Антология странного рассказа
Шрифт:
О ней говорили «харчит людей». Ест значит. О ней говорили, а я собирала-собирала все эти сплетни и слухи, чтобы быть вооруженной в борьбе за надкусанного и едва живого Вальку.
Без пуговиц она сербала, ела руками, смачно отрыгивала, передвигалась по дому в рейтузах в нежный голубой горох (сильно затиралась между ногами) и в атласном, тоже шитом, розовом лифчике (все, потому что, свои).
Это была жизнь, «когда никто не видит».
«Жизнь, когда никто не видит» — это Первый Валин текст. Первый успех. Слова, произнесенные со сцены. Такое понимание было в зале,
Она рухнула в инсульт на пятом году Валиного успеха. Пришла в театр. Валя сам ее пригласил! Сам! Ну как же! Родной город гения. Валя не любил здесь представляться. И брезговал, и чтобы не привыкали. И чтобы не затягивала провинция.
Он и так считался местной достопримечательностью. И каждый таксист, называя его Валентин Михайлович, мог показать наш дом, наш этаж, нашу школу и кружок авиамоделирования, который непонятно зачем существовал на Валины пожертвования.
Валя был как София Ротару. Поэтому он не пел в Ялтинской филармонии по субботам. И по воскресеньям, конечно, тоже.
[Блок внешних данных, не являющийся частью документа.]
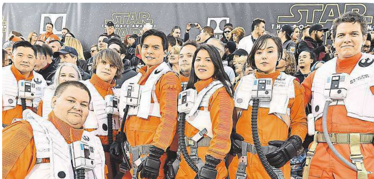
O půlnoci má v kinech premiéru sedmá epizoda americké filmové sci-fi ságy Hvězdné války: Síla se probouzí. Více strana 9 AP

Vybavení veřejných prostranství. Praha plánuje obměnu laviček, zastávek, odpadkových košů i reklamních ploch. Designová soutěž. Vypsána bude už příští rok. Dosavadní správce. Chce s městem jednat STRANA 2

Спектакль, на котором свекровь рухнула в инсульт, был мозаичный. Склеенный хорошей музыкой и декорациями из трех Валиных книг. Валя выходил на сцену в кепке, потом менял ее на бескозырку, потом — на шапку-ушанку. Он купался в собственных текстах. Тонул, захлебывался, выплывал на мель, в двух местах парил. Возвышался даже. По морю аки посуху. В рецензиях писали: «Как Бог». Но разве можно быть Богом только в двух местах?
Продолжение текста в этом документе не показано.